--- DATA PROVIDED ---
------------------------------------------------------------

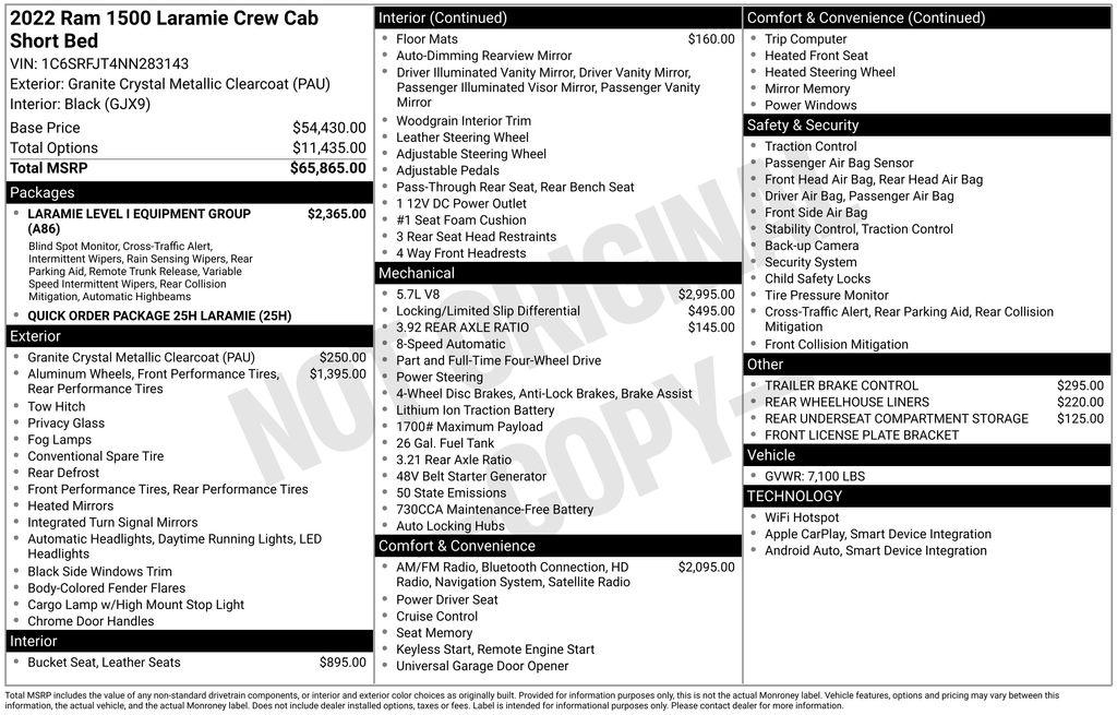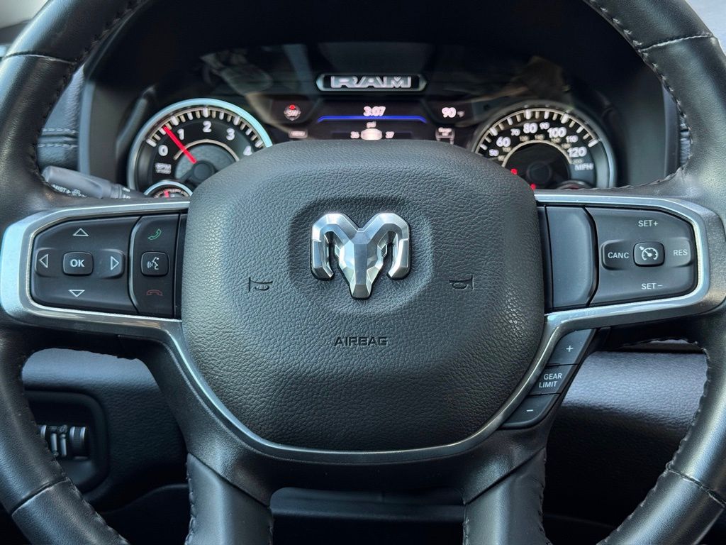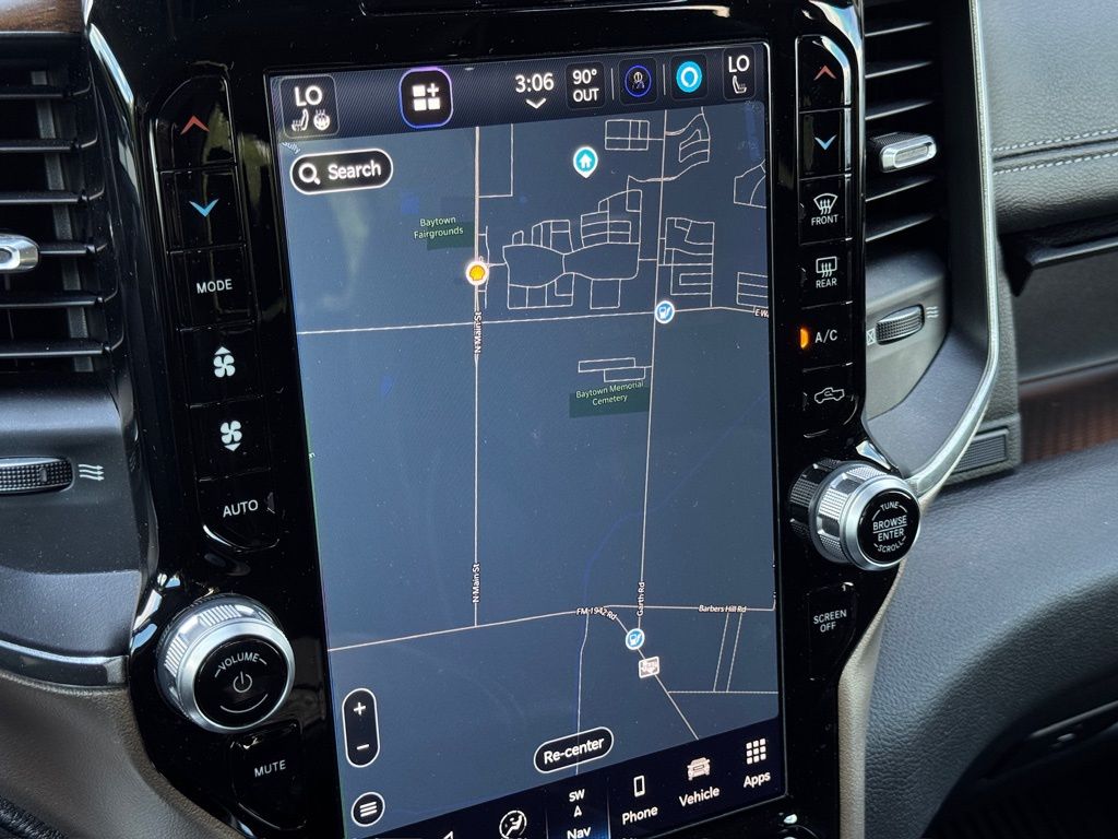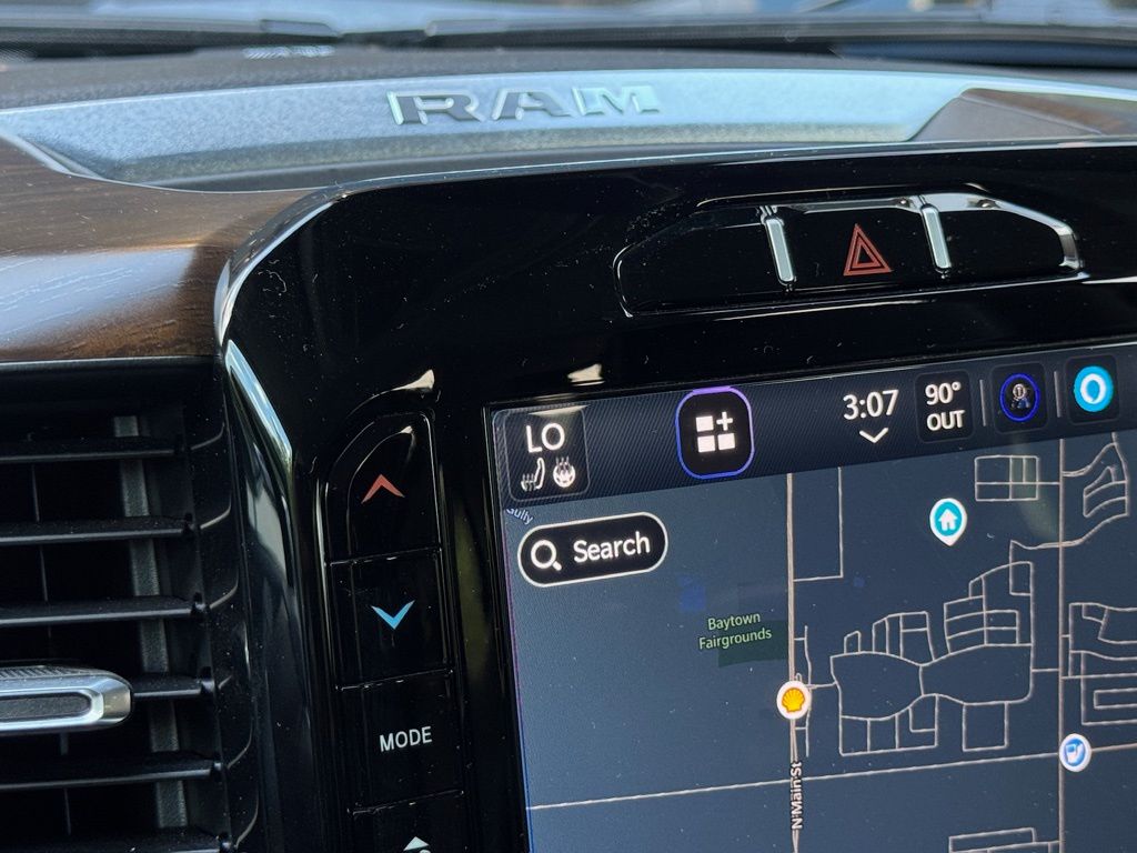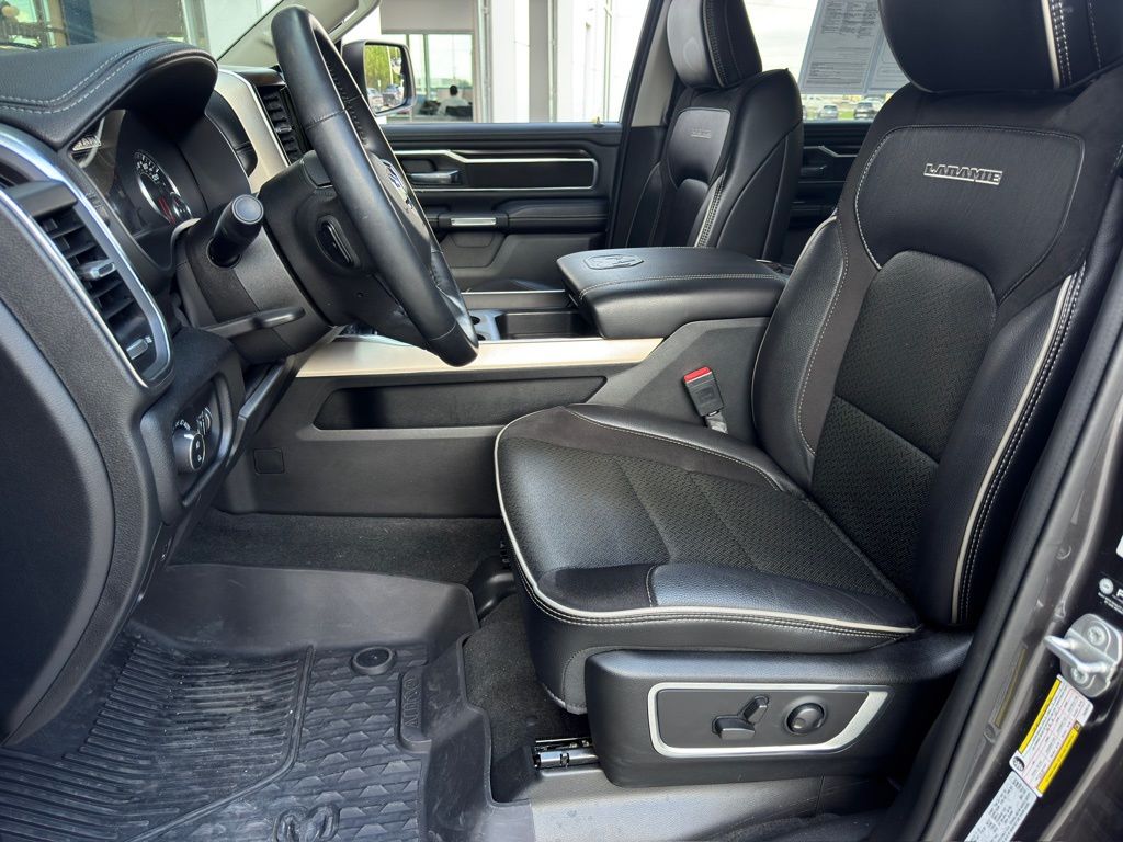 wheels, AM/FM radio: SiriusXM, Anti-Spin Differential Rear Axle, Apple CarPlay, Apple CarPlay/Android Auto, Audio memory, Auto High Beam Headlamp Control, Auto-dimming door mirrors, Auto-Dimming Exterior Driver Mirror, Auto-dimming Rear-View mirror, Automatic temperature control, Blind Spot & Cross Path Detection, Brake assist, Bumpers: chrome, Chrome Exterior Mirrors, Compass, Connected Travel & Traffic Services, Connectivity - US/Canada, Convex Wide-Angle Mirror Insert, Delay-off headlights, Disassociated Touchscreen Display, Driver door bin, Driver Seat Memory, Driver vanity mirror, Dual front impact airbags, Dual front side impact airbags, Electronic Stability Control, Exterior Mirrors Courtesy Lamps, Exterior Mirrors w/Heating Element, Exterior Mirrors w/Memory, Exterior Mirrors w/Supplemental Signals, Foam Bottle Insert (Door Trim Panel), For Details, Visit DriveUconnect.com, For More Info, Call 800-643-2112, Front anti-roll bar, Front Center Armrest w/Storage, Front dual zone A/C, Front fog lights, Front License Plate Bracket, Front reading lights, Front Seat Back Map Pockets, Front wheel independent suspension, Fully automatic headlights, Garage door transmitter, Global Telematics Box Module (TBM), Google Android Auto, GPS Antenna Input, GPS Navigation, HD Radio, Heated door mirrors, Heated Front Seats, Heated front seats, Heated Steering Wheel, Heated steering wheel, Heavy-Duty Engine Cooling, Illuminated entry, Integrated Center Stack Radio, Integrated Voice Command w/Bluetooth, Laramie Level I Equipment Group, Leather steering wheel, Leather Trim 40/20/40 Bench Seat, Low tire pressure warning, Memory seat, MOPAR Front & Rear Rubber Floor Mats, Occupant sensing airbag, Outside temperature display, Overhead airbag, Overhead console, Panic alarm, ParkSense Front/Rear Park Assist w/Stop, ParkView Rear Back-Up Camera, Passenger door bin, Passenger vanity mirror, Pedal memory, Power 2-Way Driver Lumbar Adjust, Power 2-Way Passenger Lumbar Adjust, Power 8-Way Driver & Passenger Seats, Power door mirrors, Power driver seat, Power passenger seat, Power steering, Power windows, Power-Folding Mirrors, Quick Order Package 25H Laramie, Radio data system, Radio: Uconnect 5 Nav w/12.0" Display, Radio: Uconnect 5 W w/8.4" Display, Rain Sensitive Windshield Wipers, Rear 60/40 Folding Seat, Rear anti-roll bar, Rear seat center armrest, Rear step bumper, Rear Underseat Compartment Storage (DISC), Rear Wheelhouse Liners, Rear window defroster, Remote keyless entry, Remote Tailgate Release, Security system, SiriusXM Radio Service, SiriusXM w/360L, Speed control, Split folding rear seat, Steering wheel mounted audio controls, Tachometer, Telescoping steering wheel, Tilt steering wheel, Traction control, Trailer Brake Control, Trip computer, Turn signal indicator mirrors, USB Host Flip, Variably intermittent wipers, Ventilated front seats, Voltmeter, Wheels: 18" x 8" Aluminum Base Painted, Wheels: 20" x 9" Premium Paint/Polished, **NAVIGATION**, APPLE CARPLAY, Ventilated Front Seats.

------------------------------------------------------------

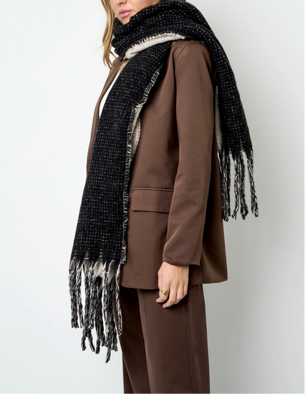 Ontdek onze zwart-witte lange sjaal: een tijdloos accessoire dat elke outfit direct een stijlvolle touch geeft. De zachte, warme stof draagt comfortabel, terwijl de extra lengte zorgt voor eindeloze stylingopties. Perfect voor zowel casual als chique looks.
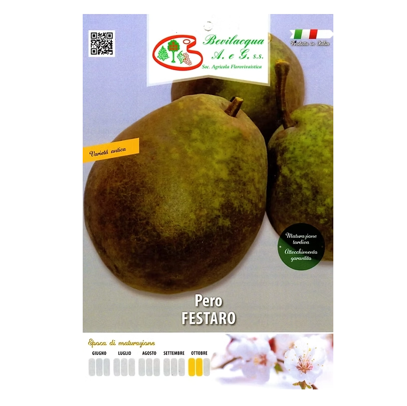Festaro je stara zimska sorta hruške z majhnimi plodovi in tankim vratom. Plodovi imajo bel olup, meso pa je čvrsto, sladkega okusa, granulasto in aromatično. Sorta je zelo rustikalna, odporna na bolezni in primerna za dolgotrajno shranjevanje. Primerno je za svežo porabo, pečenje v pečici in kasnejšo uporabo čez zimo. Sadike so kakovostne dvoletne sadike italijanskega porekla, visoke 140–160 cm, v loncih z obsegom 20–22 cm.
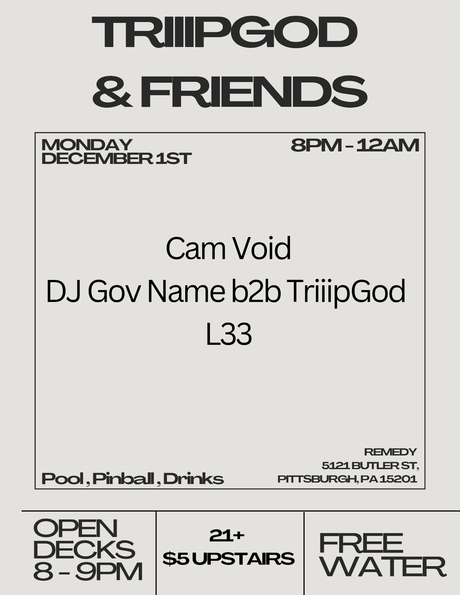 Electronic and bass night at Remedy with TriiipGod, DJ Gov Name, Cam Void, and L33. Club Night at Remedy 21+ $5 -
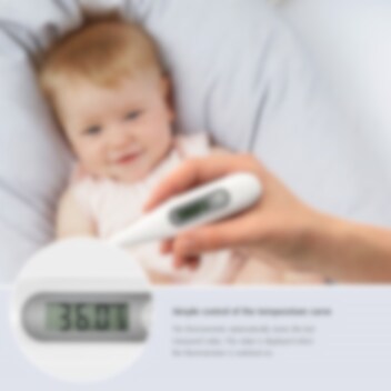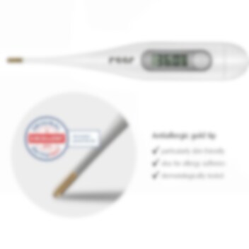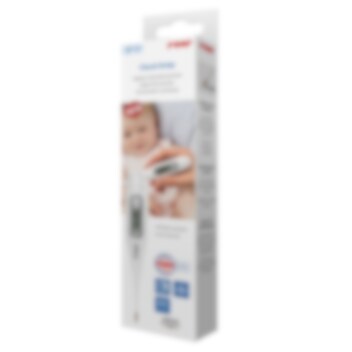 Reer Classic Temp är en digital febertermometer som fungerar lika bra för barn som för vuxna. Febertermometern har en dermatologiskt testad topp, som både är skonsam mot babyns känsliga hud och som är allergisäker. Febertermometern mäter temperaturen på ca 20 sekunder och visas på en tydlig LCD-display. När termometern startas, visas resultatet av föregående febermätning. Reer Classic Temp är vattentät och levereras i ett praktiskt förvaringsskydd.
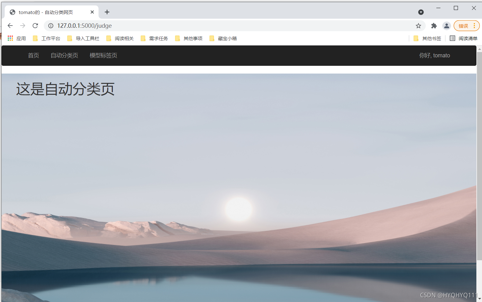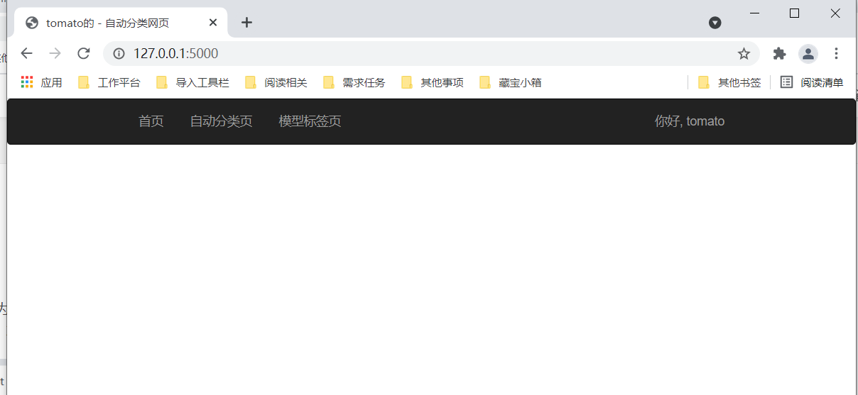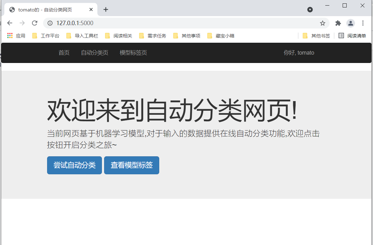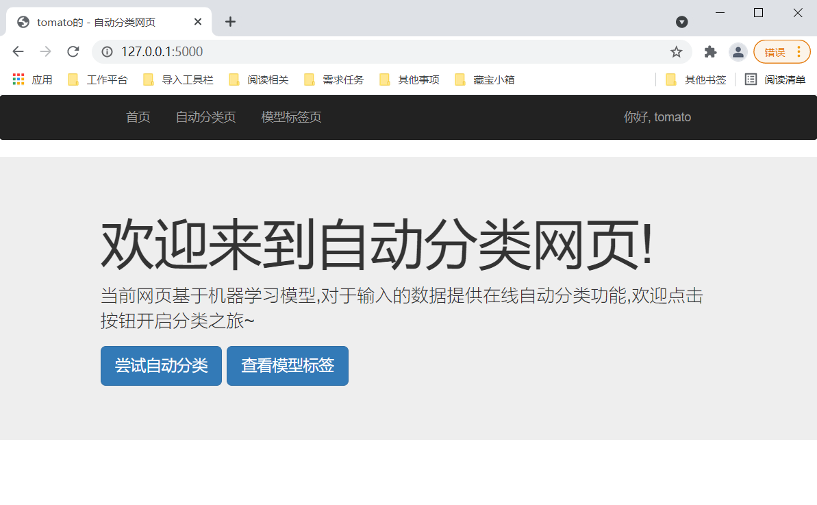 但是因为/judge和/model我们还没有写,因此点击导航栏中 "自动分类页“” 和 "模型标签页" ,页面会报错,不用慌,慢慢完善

------------------------------------------------------------

Print exactly, with no pictures, the lines above from the one that holds "Festaro je stara" through the one that holds "Electronic and bass", both of them included.

--- TASK OUTPUT ---
Festaro je stara zimska sorta hruške z majhnimi plodovi in tankim vratom. Plodovi imajo bel olup, meso pa je čvrsto, sladkega okusa, granulasto in aromatično. Sorta je zelo rustikalna, odporna na bolezni in primerna za dolgotrajno shranjevanje. Primerno je za svežo porabo, pečenje v pečici in kasnejšo uporabo čez zimo. Sadike so kakovostne dvoletne sadike italijanskega porekla, visoke 140–160 cm, v loncih z obsegom 20–22 cm.
 Electronic and bass night at Remedy with TriiipGod, DJ Gov Name, Cam Void, and L33. Club Night at Remedy 21+ $5 -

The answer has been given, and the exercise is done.